President Biden’s Cabinet features gender parity for the first time. But parity is not equality, and there are still Cabinet glass ceilings women have yet to shatter.
No institution better embodies the advancements made by women at the highest levels of power and the challenges that remain than the president’s Cabinet.
On September 11, 1789, President George Washington nominated the first candidates for the secretaries of the executive departments. In 1933—143 years after the first Cabinet appointment—President Franklin D. Roosevelt named Frances Perkins as secretary of labor, the first woman to hold a Cabinet position.
Since then, women have shaped the Cabinet, contributed to executive branch governance, and expanded their role at the federal level. This evolution culminated in President Biden’s Cabinet, which features gender parity for the first time. But parity is not equality, and there are still Cabinet glass ceilings women have yet to shatter.
As the secretary of labor, Frances Perkins faced two enormous tasks. First, to help FDR tackle the unprecedented rate of unemployment and suffering among Americans during the Great Depression. Second, to address the economic crisis while carrying the hopes and expectations of potential, future women Cabinet secretaries.
Perkins knew that if she failed, her struggles would be held against other women candidates in the future. That enormous pressure makes Perkins’s accomplishments all the more impressive. She served for the duration of FDR’s presidency, executed critical New Deal programs including the Civilian Conservation Corps and the Public Works Administration, created Social Security and unemployment benefits, ensured the passage of laws against child labor, and instituted a 40-hour work week. There had never been and likely never will be a more important or influential secretary of labor.

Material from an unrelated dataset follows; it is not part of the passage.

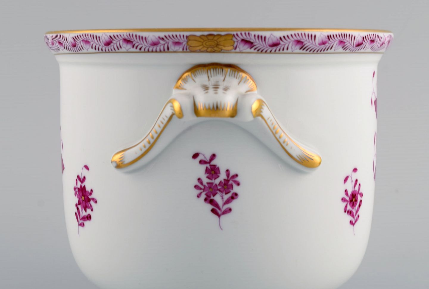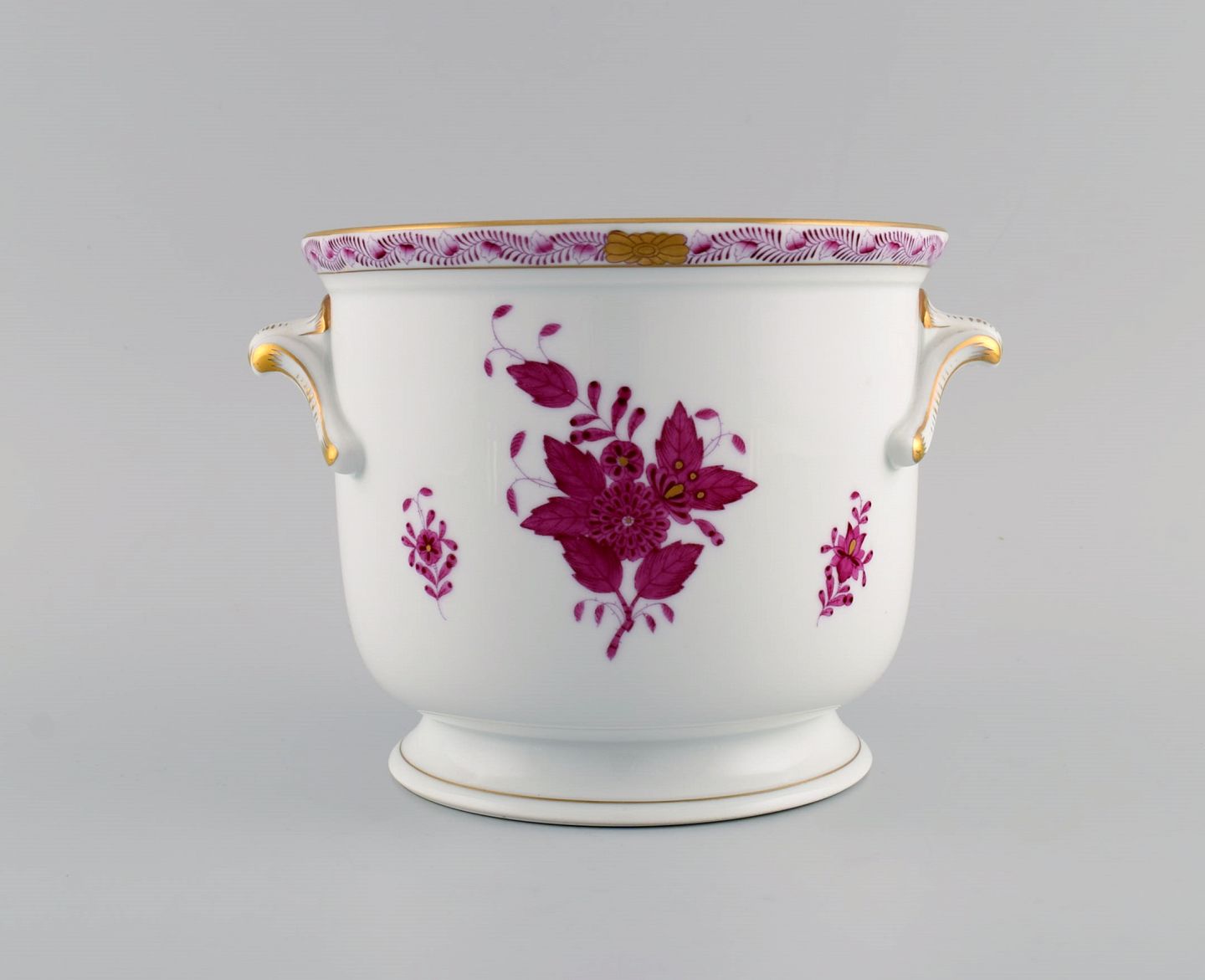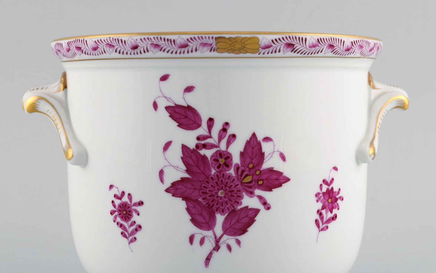 Herend Chinese Bouquet Raspberry. To vinkølere i håndmalet porcelæn modeleret med hanke. Lyserøde blomster og gulddekoration. Midt 1900-tallet. Måler: 20 x 14 cm. I flot stand. Stemplet.
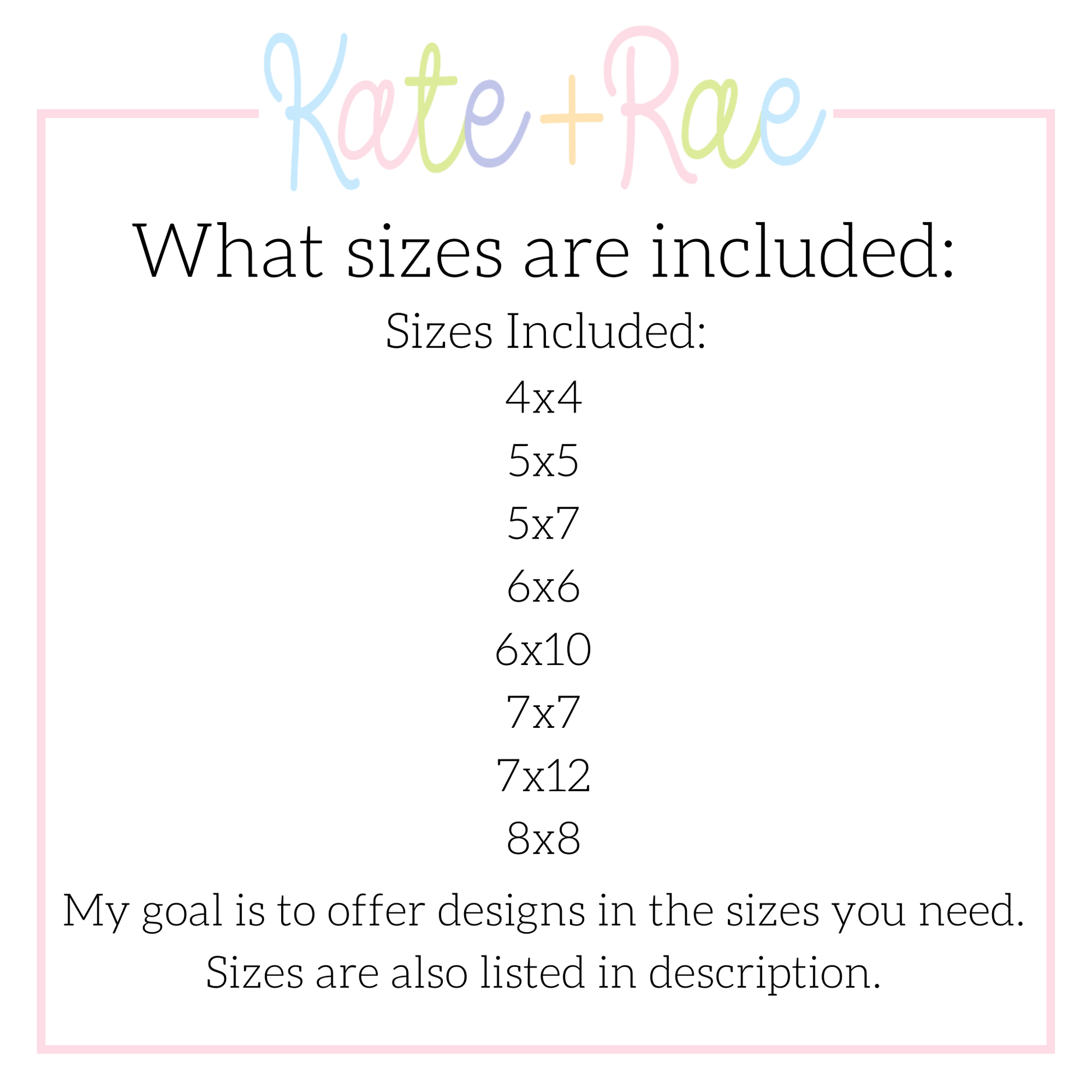 Sizes included: 4x4, 5x5, 5x7, 6x6, 6x10, 7x7, 7x12, 8x8

While many women served in the Cabinets of FDR’s successors, Bill Clinton’s administration marked a turning point for female leadership. Clinton appointed Janet Reno as the first woman attorney general and Madeleine Albright as the second woman ambassador to the United Nations (the first was Jeane Kirkpatrick during Ronald Reagan’s presidency). After four years, Clinton appointed Albright as the first woman secretary of state—the oldest and perhaps most prestigious of the department secretary positions.
Critically, both Reno and Albright served admirably, but also for longer tenures than many of their male predecessors and successors. Reno served as attorney general for the entire eight-year term—the first attorney general to do so in over 150 years and a feat that hasn’t been matched since Reno’s tenure. Albright served as U.N. Ambassador for Clinton’s first term and then secretary of state for the second term, providing important diplomatic continuity.
All presidents try to avoid Cabinet turnover whenever possible, but especially in the top foreign policy positions. Presidents want to retain institutional knowledge and experience, foster existing diplomatic relationships, and avoid the disruption that accompanies personnel changes. Reno and Albright’s steadiness strengthened Clinton’s foreign policy and his presidency.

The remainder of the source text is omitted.